Fiona Marshall & Elisabeth Hildebrand
Cattle Before Crops: The Beginnings of Food Production in Africa
Journal of World Prehistory, Vol. 16, No. 2, June 2002. pp. 99-143
African patterns of early food production contrast with those in other parts of the globe in interesting ways. In Africa, domestic animals were present several thousand years before domestic plants, and the earliest food producers were mobile cattle herders. In other regions of the world, plants were domesticated first, animals were domesticated later, among settled, village-based communities (Grigson, 2000; Smith, 1998; see also Hole, 1996), and nomadic pastoralism emerged still later, as a specialized strategy complementing settled agriculture (Bar-Yosef and Khazanov, 1992). African cattle and some African cereals were domesticated in high-risk arid and semiarid environments, settings not consistent with current emphases on domestication in relatively resource-rich environments (Harris, 1996a; Price and Gebauer, 1995; Smith, 1998).
The desire to schedule consumption of resources can lead people to manipulate plants and animals, and may have prompted domestication of African cattle amid low and variable rainfall in the Sahara during the early Holocene. Herding did not develop in predictably abundant areas such as the Nile Valley, or in predictably harsh environments such as the late Pleistocene Sahara. Rather, it developed in marginal environments where predictable access to resources was important, and where mobile animals were less vulnerable than plants to localized, short-term droughts. Prerequisites for labor investment in herding included delayed-return strategies of hunting and gathering, and concepts of ownership.

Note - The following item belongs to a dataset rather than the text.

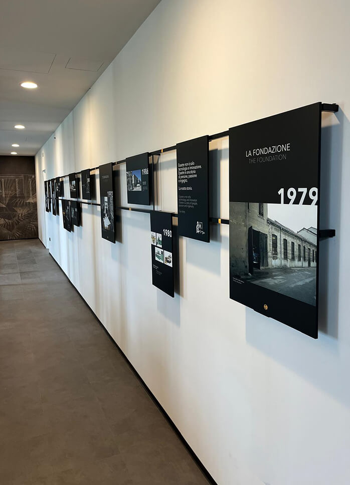 Ideazione concept e Art Direction - Progetto grafico e di interior design - Carte da parati - Illuminazione - Comunicazione - Timeline aziendale - Evento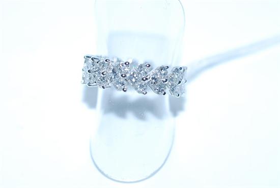 A FULL CIRCLE DIAMOND RING - Comprising forty two princess cut diamonds totalling 3.88cts, in 18ct white gold, ring size M-N.

As pastoralism spread across the Sahara and subsequent desiccation prompted herders to move south, adoption of food production was patchy despite the overall success of herding. This is largely due to spatial variation in the relative predictability of herding versus hunting and gathering. Difficult terrain impeded the spread of stock into some areas; elsewhere, cattle diseases made pastoralism a risky endeavor. Where herding became established, mobile use of the landscape by small pastoral populations left many local resources intact. Thus, in areas where wild resources were predictable, local groups could continue to hunt and gather well after the arrival of domesticates. Herding is more difficult to adopt than cultivation, especially among immediate-return hunter-gatherers, because of ownership and scheduling issues. All of these factors led to a distinctively African pattern of slow, patchy spread of food production. Other Old World agricultural complexes often competed more directly with local hunter-gatherer subsistence strategies, so that food production was adopted broadly along a rapidly moving frontier.
The development of herding before mixed agriculture started Africans on a distinctive path of subsistence intensification. Mobility lightened selective pressure on local plant populations; harvesting practices and plant biology may also have delayed morphological change. Prolonged, intensive use of wild plants across the African continent led to a noncentric pattern of late domestication, and continued use of wild plants by foodproducing societies. In many early farming societies outside Africa, a complex of crops such as cereals, pulses, and livestock often spread as a package from a point-origin (Harlan, 1971; Harris, 1996b), and the importance of local wild resources diminished sharply once the suite of domesticates was established.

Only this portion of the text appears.